Closed CapnBry closed 11 years ago

CapnBry commented 11 years ago

I'm not sure if this is a feature so if so just close this issue. (Also is there a forum for CuraEngine discussion, feels wrong to have discussion on the issue list)

When enforcing the minimal layer time option, all moves are tallied up and used to calculate the speed factor used for the layer. This speed factor also reduces the speed of "travel moves", that is moves that aren't extrusion moves. On my prints these moves can move the extruder so slowly that there's ooze dribbled along the way that creates seams and lines in my prints.

GCodePlanner::forceMinimalLayerTime() could just count up the travelTime and extrusionTime separately and generate a factor which only uses extrusionTime. GCodePlanner::writeGCode() could then only use the speedFactor on extrusion moves. It is easy to differentiate the two types of moves by their config->lineWidth.

If the current way it handles the slowdown is prefered that's fine. Else, I can submit a pull request for the change.

ErikDeBruijn commented 11 years ago

To me that would make sense... I wonder what David thinks of it.

Thanks for proposing to write a patch.
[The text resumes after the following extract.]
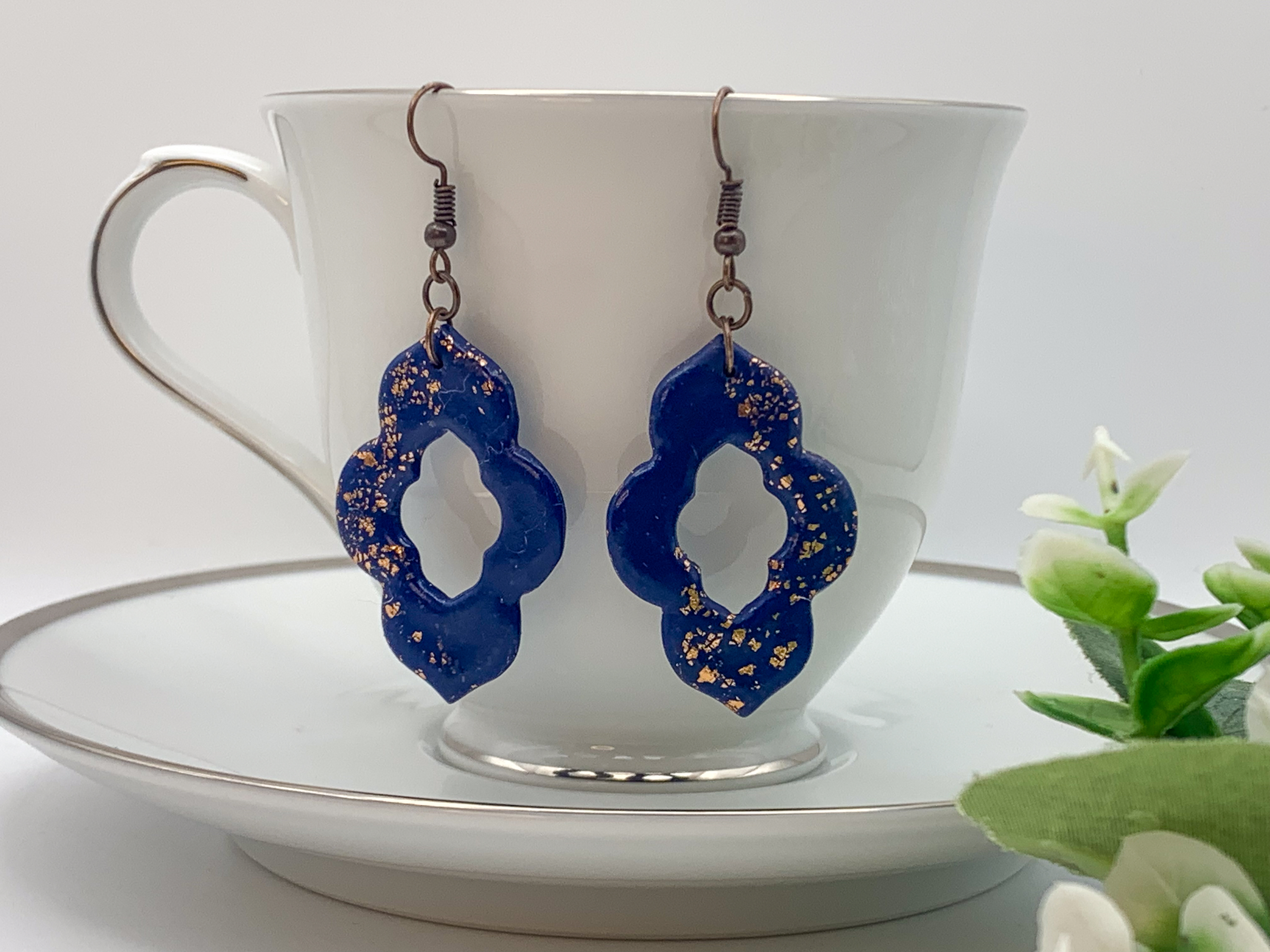 These bold navy quatrefoil earrings are sprinkled with golden flecks for a luxurious, timeless look. Lightweight and perfect for making a statement! ✨

It would be interesting to see the quality difference and difference in processing time. The latter can probably be negligible.

With kind regards,

Erik de Bruijn Co-founder, Ultimaking LTD Op 1 aug. 2013 18:03 schreef "Bryan Mayland" notifications@github.com het volgende:

I'm not sure if this is a feature so if so just close this issue. (Also is there a forum for CuraEngine discussion, feels wrong to have discussion on the issue list)
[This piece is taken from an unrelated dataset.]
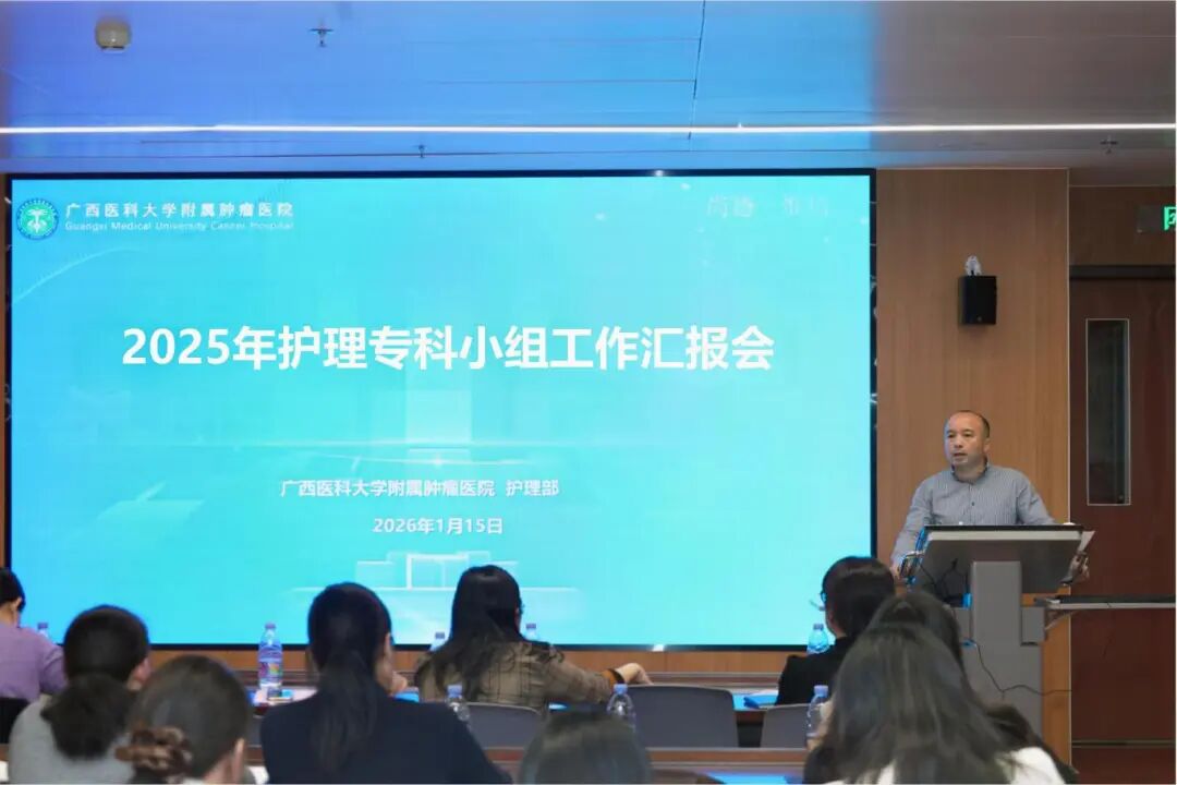 以专科建设为抓手,以质量提升为目标。1月15日,广西医科大学附属肿瘤医院2025年护理专科小组工作总结汇报会顺利召开。医院副院长阳志军出席会议,会议由护理部副主任(主持全面工作)雷奕主持,护理部全体成员及全体护士长参会。

When enforcing the minimal layer time option, all moves are tallied up and used to calculate the speed factor used for the layer. This speed factor also reduces the speed of "travel moves", that is moves that aren't extrusion moves. On my prints these moves can move the extruder so slowly that there's ooze dribbled along the way that creates seams and lines in my prints.

GCodePlanner::forceMinimalLayerTime() could just count up the travelTime and extrusionTime separately and generate a factor which only uses extrusionTime. GCodePlanner::writeGCode() could then only use the speedFactor on extrusion moves. It is easy to differentiate the two types of moves by their config->lineWidth.

If the current way it handles the slowdown is prefered that's fine. Else, I can submit a pull request for the change.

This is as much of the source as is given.